Science mapping aims to build bibliometric maps that describe how specific disciplines, scientific domains, or research fields are conceptually, intellectually, and socially structured.
The general workflow in a science mapping analysis has different steps: data retrieval, preprocessing, network extraction, normalization, mapping, analysis and visualization. At the end of this process, the analyst has to interpret and obtain some conclusions from the results.
Different approaches have been developed to extract networks using the selected units of analysis (authors, documents, journals, and terms). Co-word analysis (Callon, Courtial, Turner, & Bauin, 1983) uses the most important words or keywords of the documents to study the conceptual structure of a research field. Co-author analyzes the authors and their affiliations to study the social structure and collaboration networks (Gänzel, 2001; Peters & van Raan, 1991). Finally, the cited references are used to analyze the intellectual base used by the research field or to analyze the documents that cite the same references. In this sense, bibliographic coupling (Kessler, 1963) analyzes the citing documents, whereas co-citation analysis (Small, 1973) studies the cited documents. Other approaches such as author bibliographic coupling (Zhao & Strotmann, 2008), author co-citation (White & Griffith, 1981), journal bibliographic coupling (Gao & Guan, 2009; Small & Koenig, 1977), and journal co-citation (McCain, 1991) are examples of macro analysis using aggregated data.

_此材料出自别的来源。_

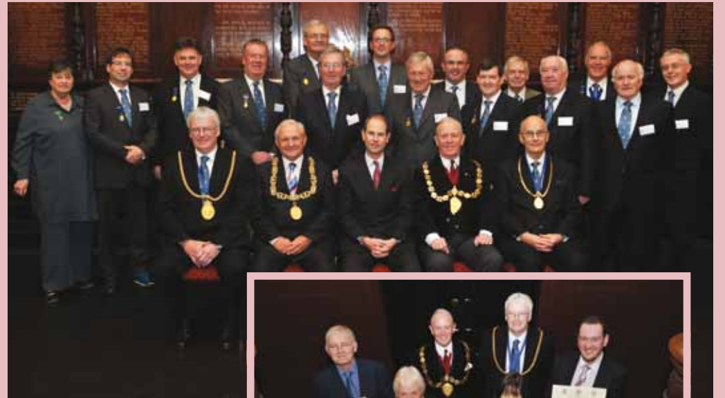
The Incorporation of Coopers Master Court with HRH The Earl of Wessex, the Lord Provost and the Deacon Convener
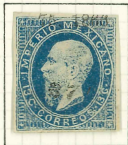
13c, 2450 SENT. SUB-CONSIGNMENT 37, UNALLOCATED, PROBABLY ZAPOTLAN.

Additionally, visualization techniques are used to represent a science map and the result of the different analyses, for example, the networks can be represented using heliocentric maps (Moya-Anegón et al., 2005), geometrical models (Skupin, 2009), thematic networks (Bailón-Moreno, Jurado Alameda, & Ruíz-Baños, 2006; Cobo, López-Herrera, Herrera-Viedma, & Herrera, 2011), or maps where the proximity between items represents their similarity (Davidson,Wylie, & Boyack, 1998; Polanco, François, & Lamirel, 2001; van Eck & Waltman, 2010). To show the evolution in different time periods, Cluster string (Small, 2006; Small & Upham, 2009; Upham&Small, 2010), and thematic areas (Cobo et al., 2011) can be used.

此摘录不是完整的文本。